Opened 7 years ago
Last modified 7 years ago
#1451 new defect
PE setting "job_is_first_task" limits the number of `qrsh -inherit ...` calls even to slave systems
Reported by: | Reuti | Owned by: | |
---|---|---|---|
Priority: | normal | Milestone: | |
Component: | sge | Version: | 6.2u5 |
Severity: | minor | Keywords: | |
Cc: |
Description
The purpose of the PE setting "job_is_first_task" is twofold:
- it will influence the accounting under certain circumstances
- it will control how many (local) qrsh -inherit ... calls are allowed
In the latter case it should allow or disallow an additonal local qrsh -inherit ... to the machine where the jobscript is already being executed.

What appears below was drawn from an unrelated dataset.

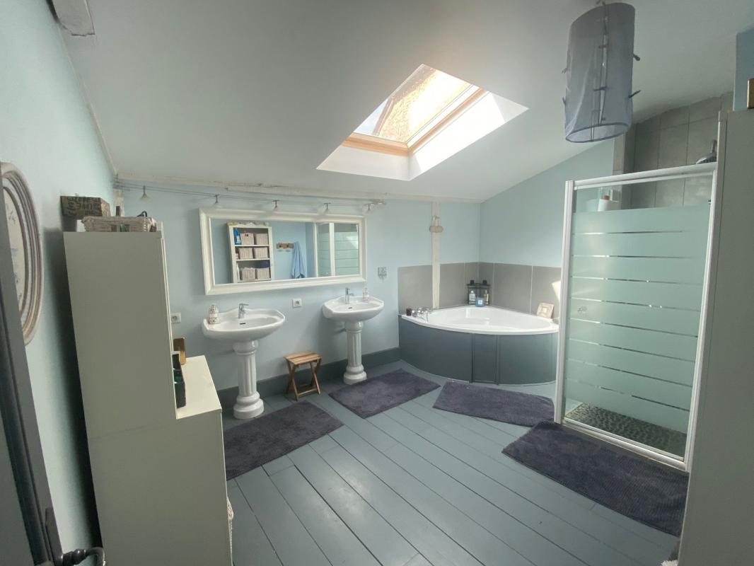 L'étage est dédié à l'espace nuit, avec une suite parentale de 36 m² dotée d'un dressing et d'une salle d'eau avec douche italienne. Trois autres grandes chambres, un dressing séparé, une salle de bain et des toilettes avec lave-mains complètent ce niveau.

Depending on the programming logic the process started locally by the jobscript might already be part of the parallel application and hence it should allow only (n-1) local qrsh -inherit ... calls if set to TRUE. This works as intended.
But this setting seems to influence the amount of qrsh -inherit ... calls made to slave systems too. On these always the number of granted slots should always be allowed.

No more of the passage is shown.